**Task objective**
Below are the entries. Print only the lines starting at the one with "Pointel FlatKnit Cotton" and ending at the one with "Szent Irás, vagy", exactly, with no pictures.

**Extracted material**
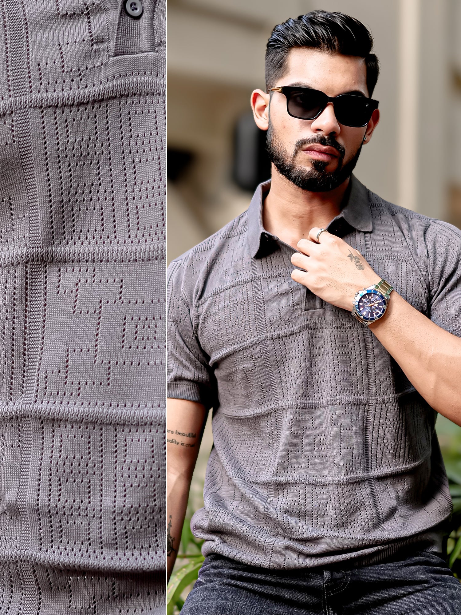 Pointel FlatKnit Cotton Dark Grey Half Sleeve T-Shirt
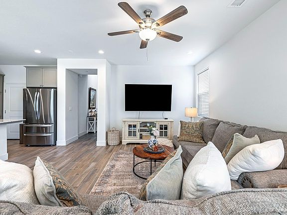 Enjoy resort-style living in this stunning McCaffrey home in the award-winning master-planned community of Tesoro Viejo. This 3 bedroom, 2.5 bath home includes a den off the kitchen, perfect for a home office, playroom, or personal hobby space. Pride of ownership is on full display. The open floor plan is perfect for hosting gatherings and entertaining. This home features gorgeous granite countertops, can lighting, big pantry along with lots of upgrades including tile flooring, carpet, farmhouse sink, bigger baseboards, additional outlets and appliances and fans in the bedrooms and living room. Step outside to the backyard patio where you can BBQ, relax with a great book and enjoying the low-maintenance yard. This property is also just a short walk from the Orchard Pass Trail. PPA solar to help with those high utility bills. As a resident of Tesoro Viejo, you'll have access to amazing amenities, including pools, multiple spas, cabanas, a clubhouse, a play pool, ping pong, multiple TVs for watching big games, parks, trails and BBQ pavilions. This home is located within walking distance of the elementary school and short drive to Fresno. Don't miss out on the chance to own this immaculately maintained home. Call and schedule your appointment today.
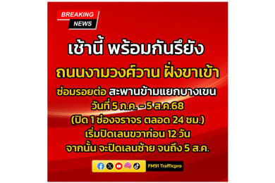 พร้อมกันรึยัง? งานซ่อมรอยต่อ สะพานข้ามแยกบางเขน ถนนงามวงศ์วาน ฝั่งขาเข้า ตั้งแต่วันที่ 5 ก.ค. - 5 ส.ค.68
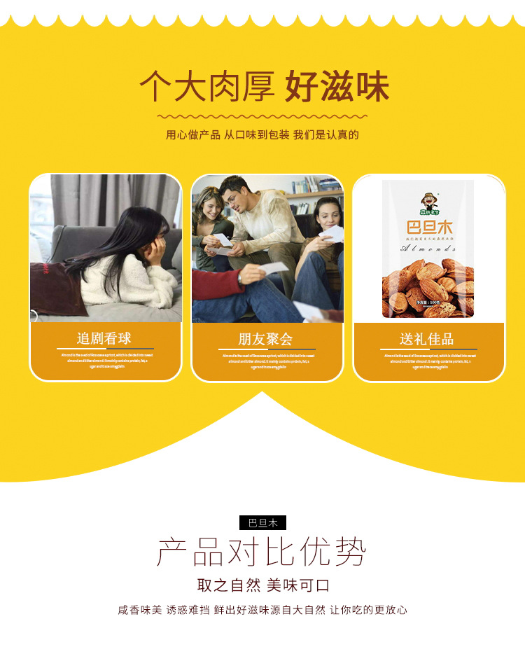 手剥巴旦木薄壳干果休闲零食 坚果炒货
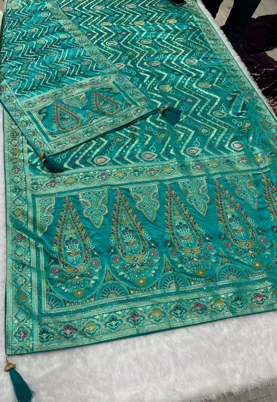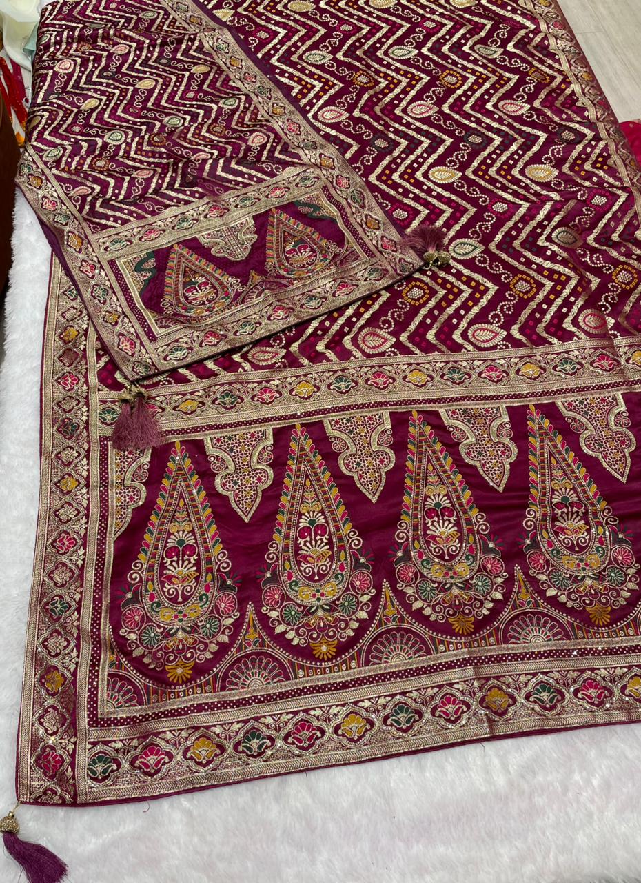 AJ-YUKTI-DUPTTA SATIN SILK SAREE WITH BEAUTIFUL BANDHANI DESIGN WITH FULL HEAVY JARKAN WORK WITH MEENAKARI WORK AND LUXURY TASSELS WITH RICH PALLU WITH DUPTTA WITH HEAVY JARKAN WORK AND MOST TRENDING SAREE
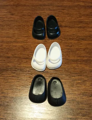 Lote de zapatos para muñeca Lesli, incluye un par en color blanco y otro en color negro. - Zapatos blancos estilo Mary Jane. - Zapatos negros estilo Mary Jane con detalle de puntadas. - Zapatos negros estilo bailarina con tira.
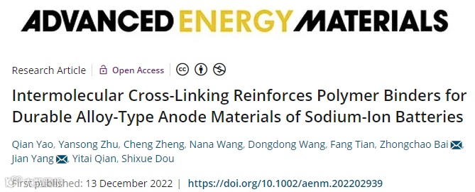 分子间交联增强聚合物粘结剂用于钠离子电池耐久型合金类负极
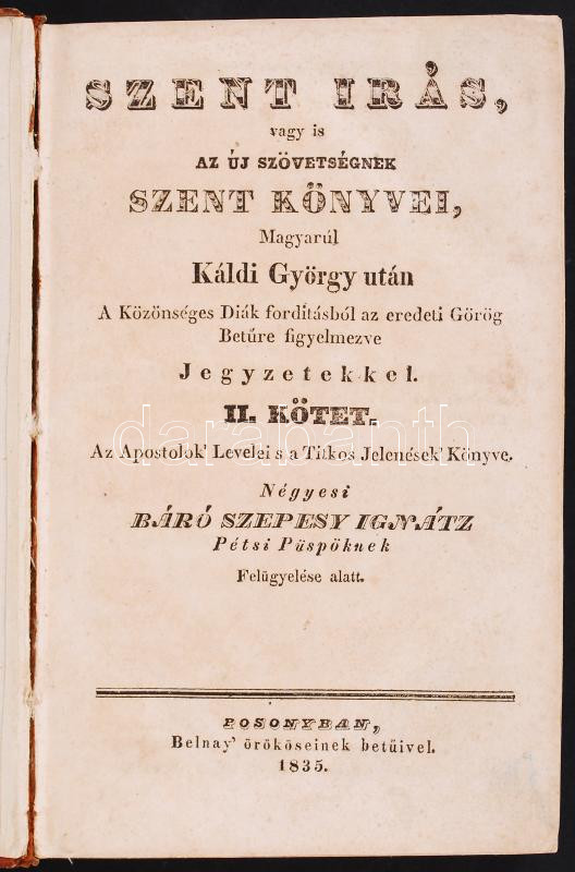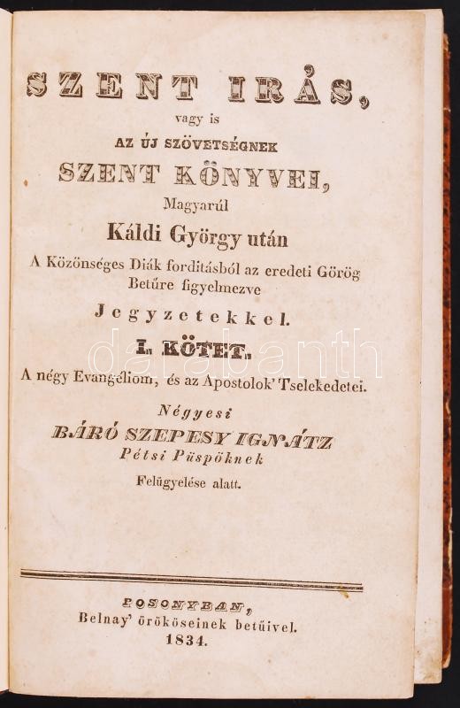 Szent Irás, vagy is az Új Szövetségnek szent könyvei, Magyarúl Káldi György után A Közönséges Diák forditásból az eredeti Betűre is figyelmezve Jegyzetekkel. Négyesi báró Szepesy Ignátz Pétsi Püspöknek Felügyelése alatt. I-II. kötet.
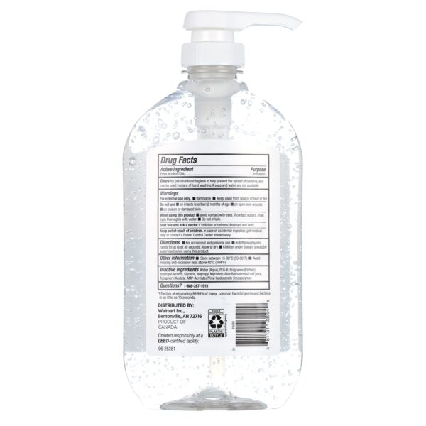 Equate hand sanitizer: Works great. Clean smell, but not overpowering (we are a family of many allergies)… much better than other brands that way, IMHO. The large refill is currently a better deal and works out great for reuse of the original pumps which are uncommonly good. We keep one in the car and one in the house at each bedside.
...
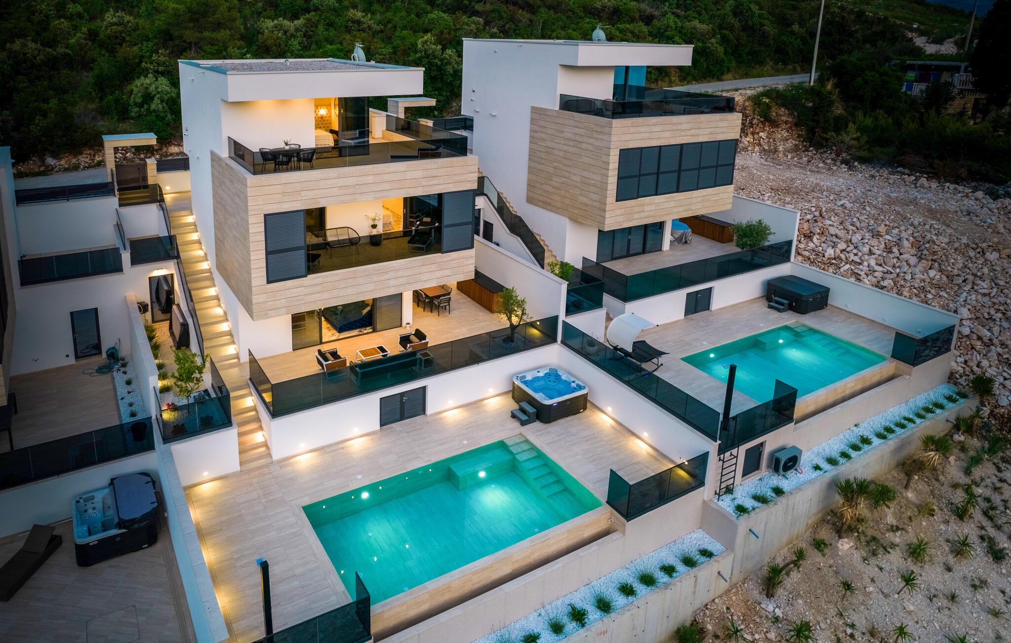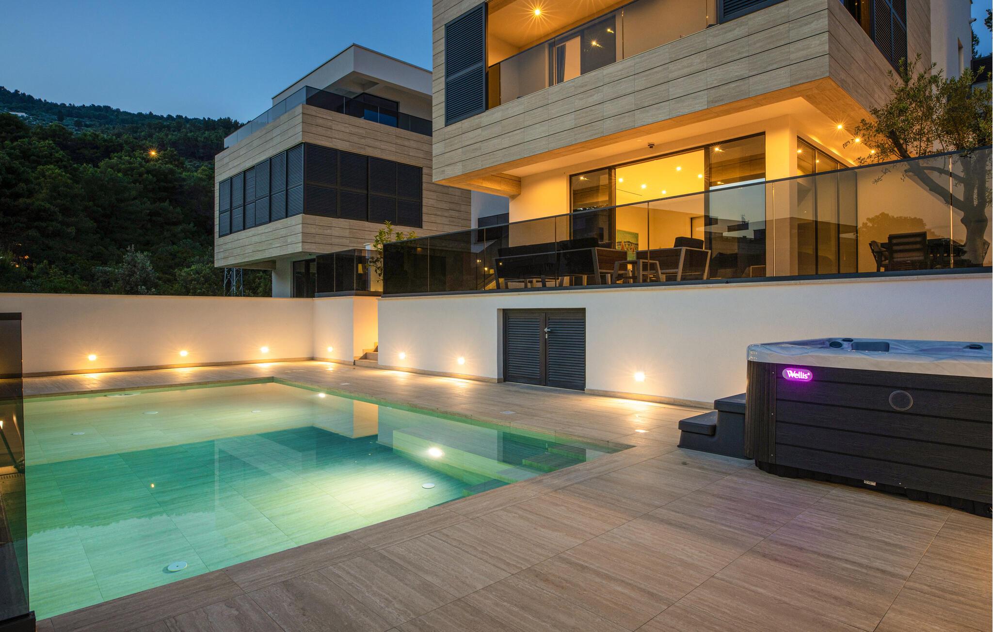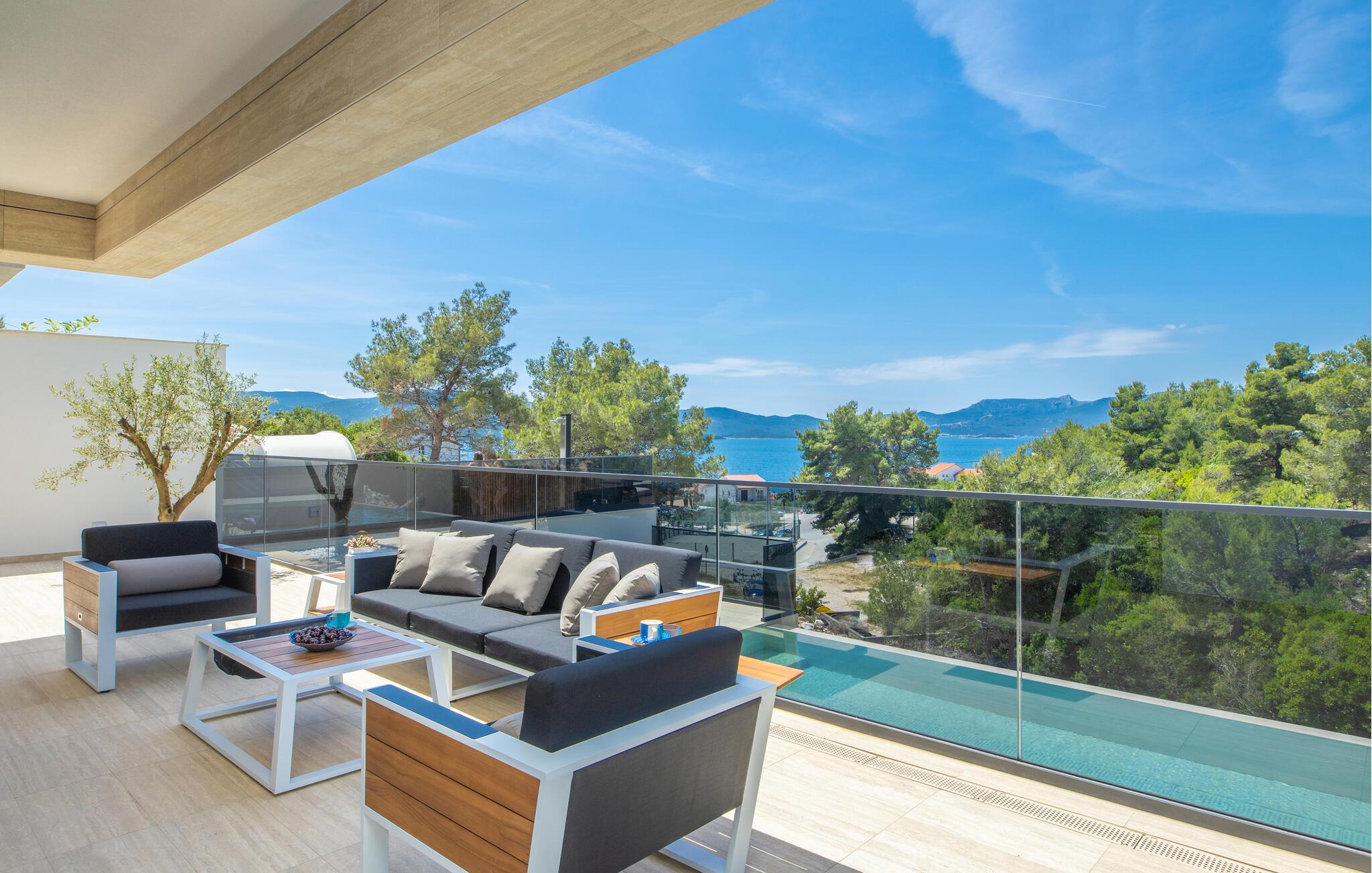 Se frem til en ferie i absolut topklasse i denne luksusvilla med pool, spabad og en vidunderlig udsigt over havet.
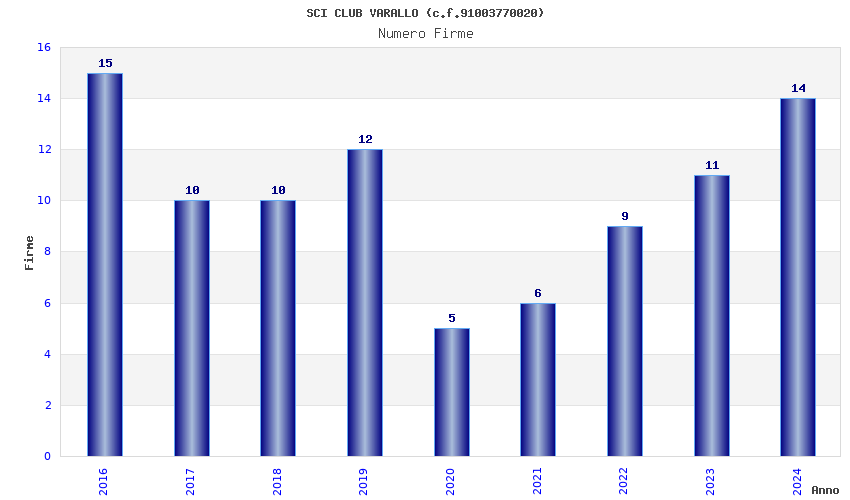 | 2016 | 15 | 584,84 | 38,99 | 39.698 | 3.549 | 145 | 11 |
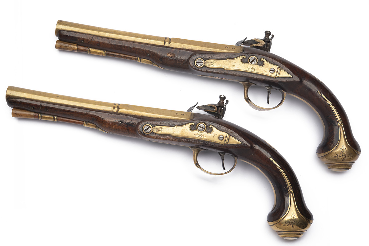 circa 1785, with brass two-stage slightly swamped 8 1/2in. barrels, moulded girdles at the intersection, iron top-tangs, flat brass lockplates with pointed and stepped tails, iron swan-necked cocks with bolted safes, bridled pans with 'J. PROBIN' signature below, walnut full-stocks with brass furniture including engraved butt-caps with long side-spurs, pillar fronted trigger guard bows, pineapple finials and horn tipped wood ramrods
...
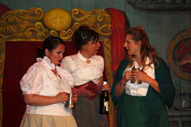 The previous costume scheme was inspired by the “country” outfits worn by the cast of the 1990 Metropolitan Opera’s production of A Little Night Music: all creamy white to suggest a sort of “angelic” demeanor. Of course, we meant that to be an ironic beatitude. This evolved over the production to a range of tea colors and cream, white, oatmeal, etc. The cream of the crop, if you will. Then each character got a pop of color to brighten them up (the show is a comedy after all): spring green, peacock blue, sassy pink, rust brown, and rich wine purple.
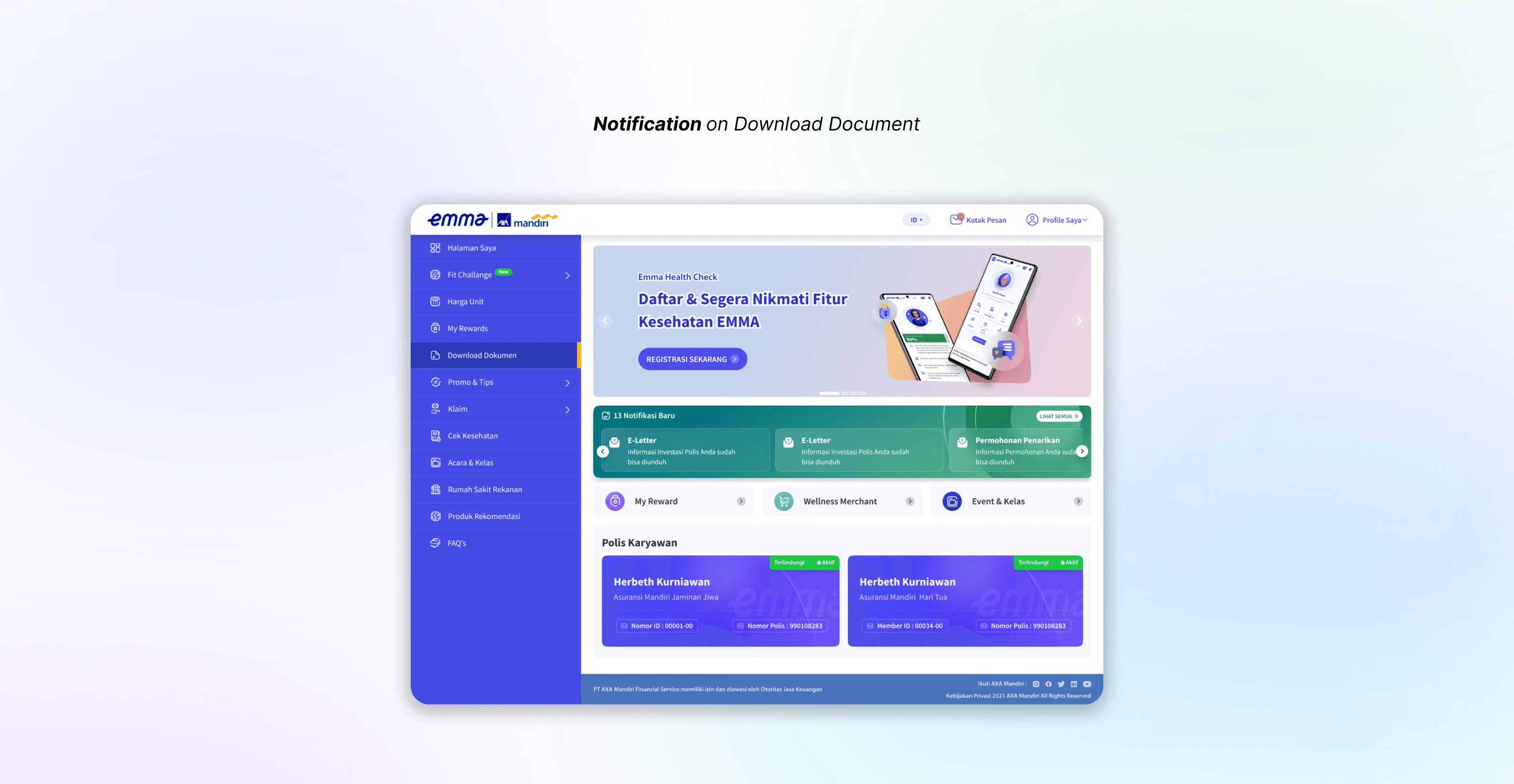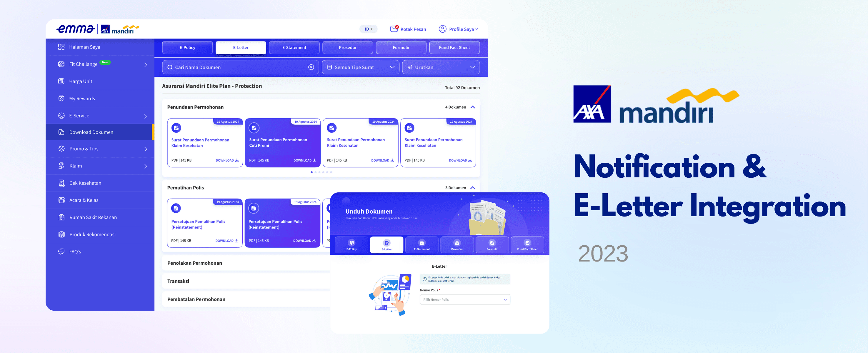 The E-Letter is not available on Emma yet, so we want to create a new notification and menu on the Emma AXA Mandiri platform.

**Solution to this problem**
 Pointel FlatKnit Cotton Dark Grey Half Sleeve T-Shirt
 Enjoy resort-style living in this stunning McCaffrey home in the award-winning master-planned community of Tesoro Viejo. This 3 bedroom, 2.5 bath home includes a den off the kitchen, perfect for a home office, playroom, or personal hobby space. Pride of ownership is on full display. The open floor plan is perfect for hosting gatherings and entertaining. This home features gorgeous granite countertops, can lighting, big pantry along with lots of upgrades including tile flooring, carpet, farmhouse sink, bigger baseboards, additional outlets and appliances and fans in the bedrooms and living room. Step outside to the backyard patio where you can BBQ, relax with a great book and enjoying the low-maintenance yard. This property is also just a short walk from the Orchard Pass Trail. PPA solar to help with those high utility bills. As a resident of Tesoro Viejo, you'll have access to amazing amenities, including pools, multiple spas, cabanas, a clubhouse, a play pool, ping pong, multiple TVs for watching big games, parks, trails and BBQ pavilions. This home is located within walking distance of the elementary school and short drive to Fresno. Don't miss out on the chance to own this immaculately maintained home. Call and schedule your appointment today.
 พร้อมกันรึยัง? งานซ่อมรอยต่อ สะพานข้ามแยกบางเขน ถนนงามวงศ์วาน ฝั่งขาเข้า ตั้งแต่วันที่ 5 ก.ค. - 5 ส.ค.68
 手剥巴旦木薄壳干果休闲零食 坚果炒货
 AJ-YUKTI-DUPTTA SATIN SILK SAREE WITH BEAUTIFUL BANDHANI DESIGN WITH FULL HEAVY JARKAN WORK WITH MEENAKARI WORK AND LUXURY TASSELS WITH RICH PALLU WITH DUPTTA WITH HEAVY JARKAN WORK AND MOST TRENDING SAREE
 Lote de zapatos para muñeca Lesli, incluye un par en color blanco y otro en color negro. - Zapatos blancos estilo Mary Jane. - Zapatos negros estilo Mary Jane con detalle de puntadas. - Zapatos negros estilo bailarina con tira.
 分子间交联增强聚合物粘结剂用于钠离子电池耐久型合金类负极
 Szent Irás, vagy is az Új Szövetségnek szent könyvei, Magyarúl Káldi György után A Közönséges Diák forditásból az eredeti Betűre is figyelmezve Jegyzetekkel. Négyesi báró Szepesy Ignátz Pétsi Püspöknek Felügyelése alatt. I-II. kötet.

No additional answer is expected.